Этому его научили в интернате, где он вырос.
Думать было о чем: рано или поздно его выпустят, это без сомнений, цыганский барон человек незлобивый, а там, в Кишиневе, соратник Юра экстремизмом распугивает людей. Сумасшедшие были по-прежнему с христиан — демократами, но большая часть электората отвернулась. Об этом Влад судил по статьям в «Литературе ши арте», где про митинги писали, что там собираются двадцать- тридцать тысяч человек, а не сто-двести тысяч, как прежде. Значит, думал Влад, на самом деле собирается не больше двух-трех тысяч.
На стену вполз таракан. От неожиданности Рубряков чертыхнулся. Икона в углу нежно погрозила ему пальцем. В зарешеченное окно подвала с мягким стуком падали перезрелые ягоды дикого винограда. Одной рукой Влад подбирал их и давил языком. Другой аккуратно, чтобы не потревожить таракана, взял нож. Насекомое, словно дождавшись этого, юркнуло под плинтус.
Влад встал, взял кусочек мела и поправил счет на стене. Теперь он выглядел так:
«32 убито — 2 спаслись»
Опавшего винограда в подвале было уже по колено. Влад погладил окладистую бороду и, разувшись, начал топать ягоды. Сразу же на пол полилось вино. Пол подвала подтек. Влад слышал, как соседи снизу (у барона был многоярусовый подвал) жадно хлебали вино, сочащееся с потолка. Рубряков лег спиной в вино и, мерно покачиваясь, уснул.
— Посмотрите на этот туман, милая…
Лоринков отломил кусок влажного хмурого месива, свесившегося над крышей, где он стоял, полуобняв девицу по имени Лилия.
И затем предложил:
— Вы не хотели бы отведать?
— В это время года, — кокетливо дернула она плечом, — туман особенно вреден для горла.
Что-то посыпалось на крышу, где они с Лилией прогуливались.
— Ах, что это? — наигранно взволнованно воскликнула она.
— Не обращайте внимания, — так же банально ответил журналист, — это всего лишь разбились мои надежды. Портье!
Мгновения спустя швейцар с усами до бедер сметал щеточкой в совок осколки надежд молодого человека, что Лилия отведает туман его детства.
— Милый, милый, — приложила она руку к тому месту, где голубая жилка колотила его горло, — ах, неужто все это вам важно, так важно? Этот пот, эти нелепости, это тыкание чем-то в кого-то, ах, милый…
— Право же, — улыбнулся он, — не сходить ли нам с вами на вечеринку?

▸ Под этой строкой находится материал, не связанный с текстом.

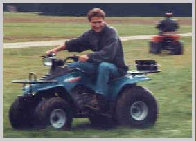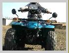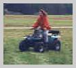 Nach dem Essen war erst mal ein kleines Ruhepäuschen nötig, um das in den Magen gepumpte Blut in die Denkfabrik zurückfließen zu lassen. Entsprechend maulfaul waren wir alle. Jetzt kam der Höhepunkt: die eisernen Triker Hans-Jürgen und Florian, sowie der Moppeddriver Christopher wurden aufgefordert, sich mit der Fahrphysik eines Quads anzufreunden. Etwas ungewohnt war es am Anfang schon, aber gestandene Kerle wie uns haut ja nichts um. Und so hoppelten wir über den Acker und die Wiese. Herr Sperber schoss wie sein Namensvetter raubvogelartig im Tiefflug über die Wege, riesige Staubwolken hinter sich herziehend.
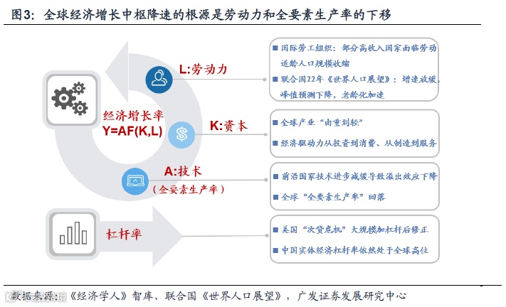 (1)全球劳动力增速下降&老龄化上升,国际劳工组织2023年《世界就业和社会展望》报告指出,部分高收入国家的劳动适龄人口已开始收缩,中国作为新兴经济体之一,劳动适龄人口自2015年开始收缩并呈现加速趋势;据联合国2022年《世界人口展望》,世界人口总量由高增长转为低增长,老龄化水平加速,人口结构将从青少年型变为中老年型;(2)全球资本投入效率下降,全球经济转型“由重到轻”,主要经济体的驱动力从投资切换至消费、从制造业过渡到服务业;(3)技术,前沿国家技术进步减缓导致溢出效应下降,全球“全要素生产率”回落;(4)杠杆率,以G2为例加杠杆最快速的阶段过去,美国疫情放松以来高杠杆率面临修正,而中国实体经济杠杆率平稳控制但依然处于全球横向对比高位。
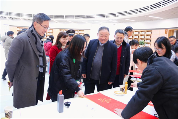 为深入贯彻学习习近平文化思想,传承和弘扬中华优秀传统文化,丰富校园文化生活,营造新春佳节的庆祝氛围,1月6日上午,学院在图书馆举办了以“文墨迎春 典韵启新”为主题的迎新春送春联活动。学院党委领导班子成员方文龙、肖绚、李雄德、金小军、朱辉球、张翔、杨晶,以及部分中层干部、教职工代表参加了此次活动。
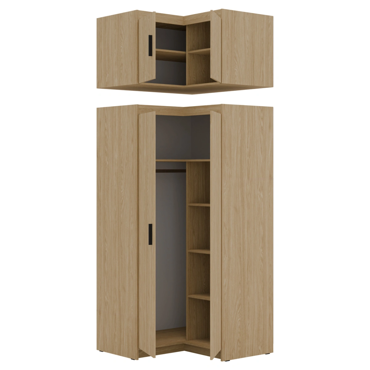 The corner wardrobe is made of laminated board and features a shelf with a clothes rail underneath and shelves on the other side.
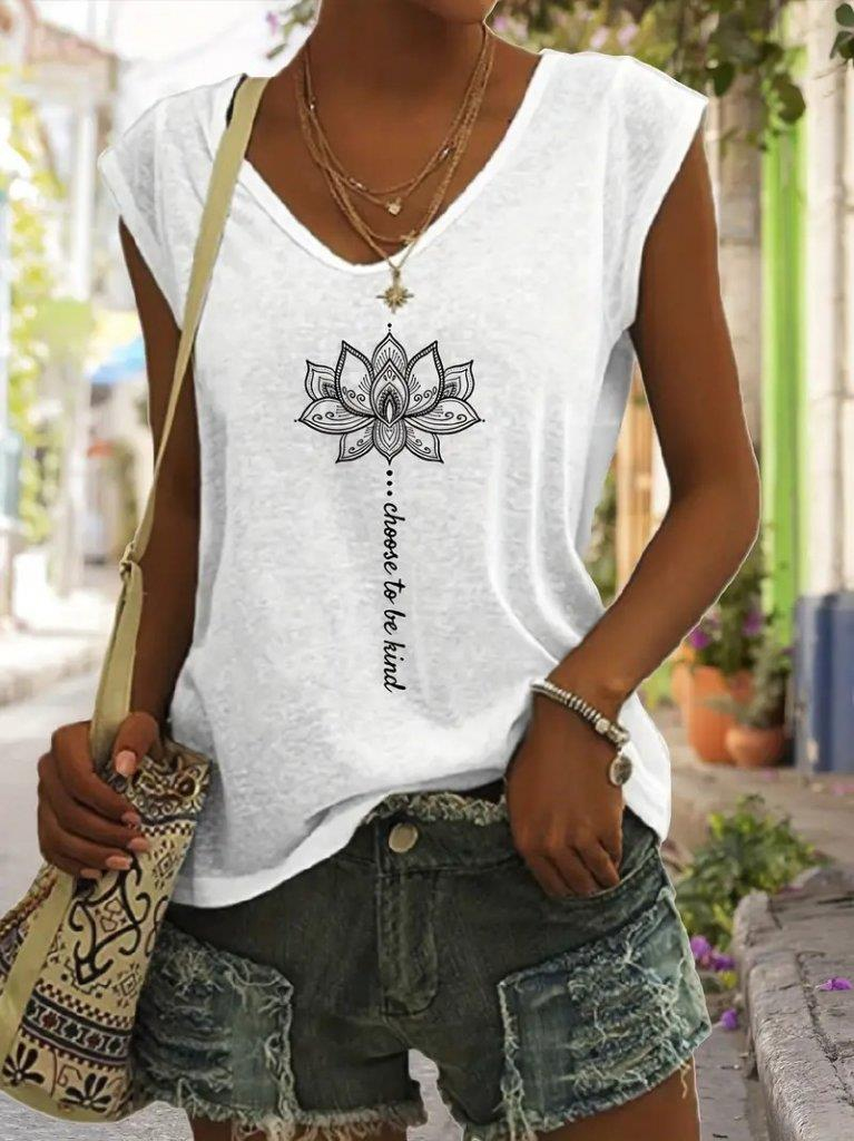 Kadın Kısa Kollu V Yaka önü Desenli Salaş Viskon Bluz
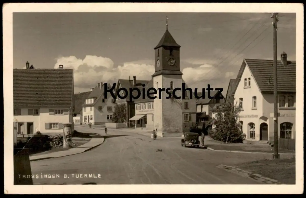 ALTE POSTKARTE TROSSINGEN BEIM TUERMLE Auto Litfasssäule Geschäft ...handlung Johann Michael Schweizer Ansichtskarte

— А может быть, театр, — спросила она, — в городской театр, где я вчера была с друзьями?
Тут снова раздался звон надежд, которые Лоринков хранил в боковом кармане пиджака.
— В том театре, — увлеченно продолжала она, — дрессированные блохи танцевали танго, дарили друг другу стихи, а потом, о, ужас, совокуплялись. Кстати, милый друг, там я познакомлю вас со своей очаровательной подружкой, Анитой! У нее восемь приемных детей! Какое самопожертвование! Пятерых она отдала в хорошие руки! Осталось еще трое.

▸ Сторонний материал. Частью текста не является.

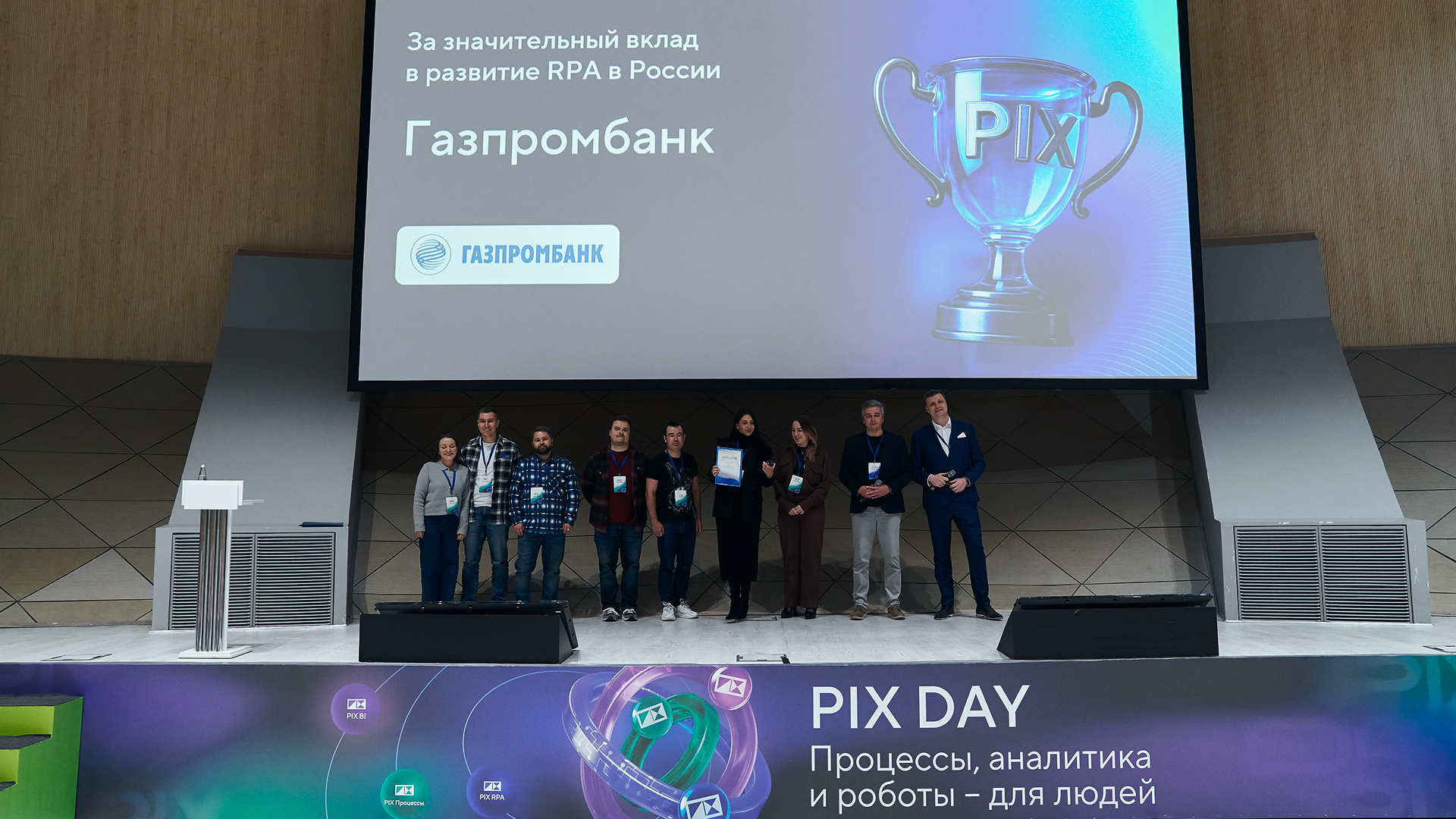 Конференцию завершила церемония PIX Awards 2025 — ежегодной премии, отмечающей лучшие проекты в сферах роботизации, аналитики и управления процессами. Награды получили компании, которые продемонстрировали реальные результаты цифровой трансформации: повышение эффективности, прозрачности и качества управленческих решений. Газпромбанк стал номинантом премии за значительный вклад в развитие роботизации в России.О конференции PIX Day
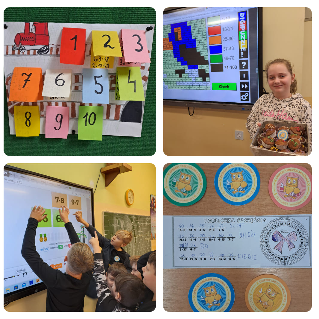 W klasach IV-VIII na zajęciach matematyki graliśmy w karty Grabowskiwgo, odkrywaliśmy dobre życzenia rozwiązując Tabliczkę Szczęścia, kodowaliśmy wykorzystując edukacyjne DigiPuzzle a na platformie Matzoo poszukiwaliśmy prawidłowych wyników naszego mnożenia i dzielenia. Klasa V przygotowała słodki poczęstunek w formie muffinek z tabliczką mnożenia
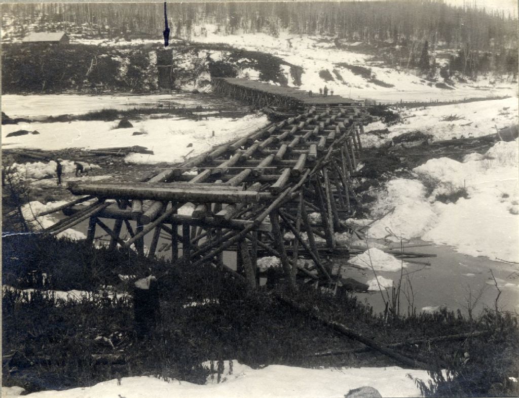 Rivière Saint-Maurice - Barrage Gouin - Construction - View of trestle looking west from east bank, 17 avril 1916, Archives nationales à Québec, Fonds Ministère de l'Environnement et de la Lutte contre les changements climatiques, (03Q,E57,S44,SS1,D76,PY-422), Photographe non identifié.
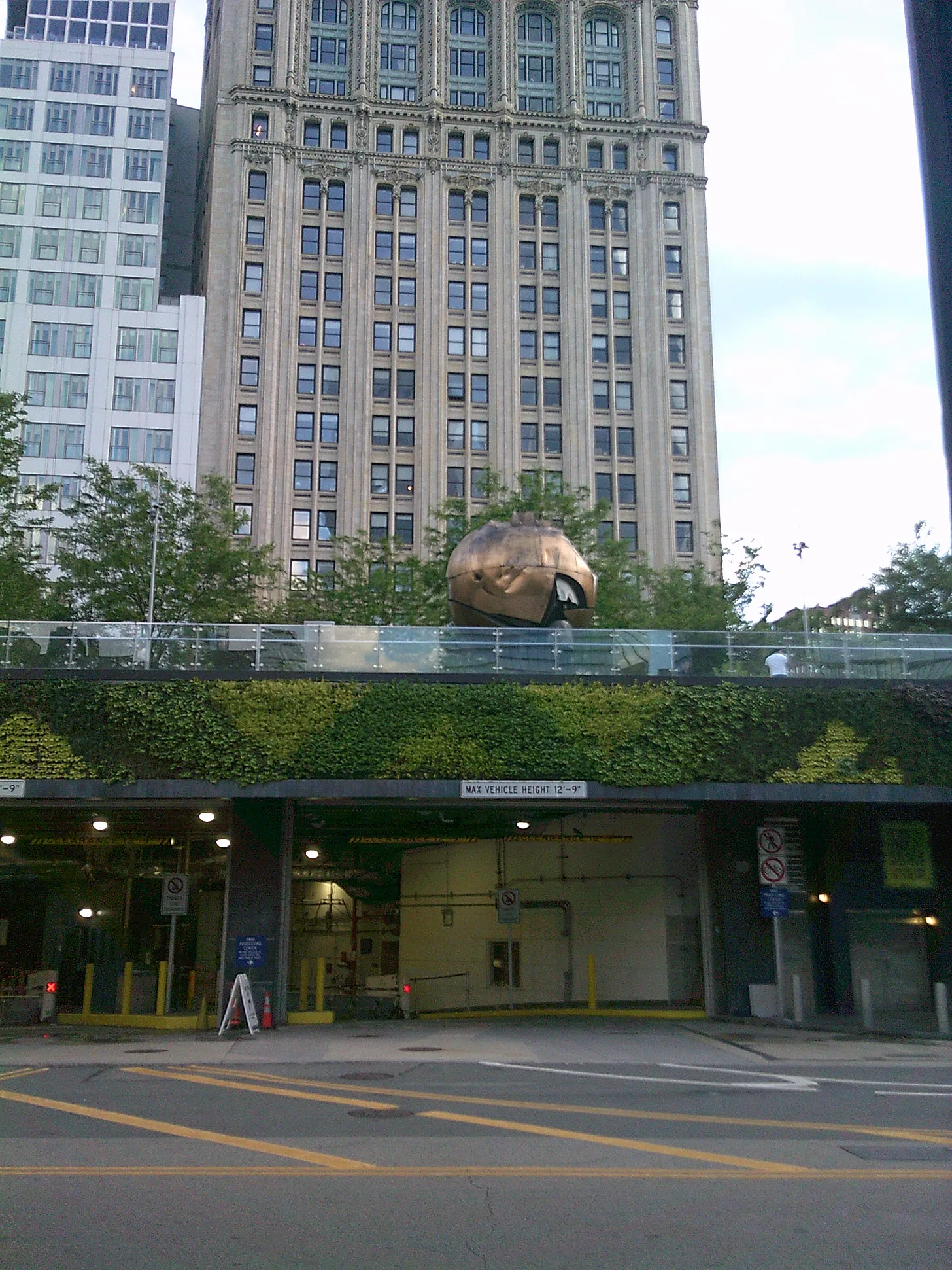 Below we see “The Sphere” in relation to the Twin Towers, cast in shadow.

— Право, — взял ее под руку кавалер, — отчего бы нам и не сходить в этот театр?
Они, придерживая друг друга под локоть, шагнули под крышу дома, и девица оступилась. Увы, решимости поцеловать ее ему не хватило, — он всего лишь покрепче сжал ее локоть.
— Подлец, — воскликнула Лилия, — вы сделали мне больно!
— Но кислые соусы, — возразил он, — порой подходят к утиным грудкам.
— Впрочем, — подумав, согласилась Лили, — вы правы.
Поймав такси в сачок, он уселся на переднее сиденье, а Лилия обмотала колесо одним концом своего белого шарфа, а другой затянула на шее.
— Вы бесподобны! — сказал ей шофер.
Подъехал грузовой транспорт, на него погрузили такси и довезли до самого театра. На двери висела табличка. Она гласила.
«Герой — любовник свалился в жестком гриппе. Посещения сеансов только в респираторе».
— Ах, я, наверное, излишне парадоксальна для вас, мой милый друг, — грустно сказала она.
— Нет, что вы, — бодрясь, натягивал на ее лицо респиратор Лоринков, — мы же друзья, всего лишь добрые друзья, Лили!
Они прошли в фойе. Буфетчицы подавали прокламации к восстанию, а в углу унылый актер третьего ранга продавал газированную воду со словами:
— Отпить подано.
Они уселись в зале, и свет погас. На сцену, пошатываясь, вышел главный герой. Он демонстративно чихнул в зал.
— У вас большая грудь, — сказал Лоринков и довольно засопел.
Лучше быть хулиганом, чем активистом, лучше быть убийцей, чем коммунистом, — протяжно выл с импровизированного помоста известный молдавский певец и поэт Виеру.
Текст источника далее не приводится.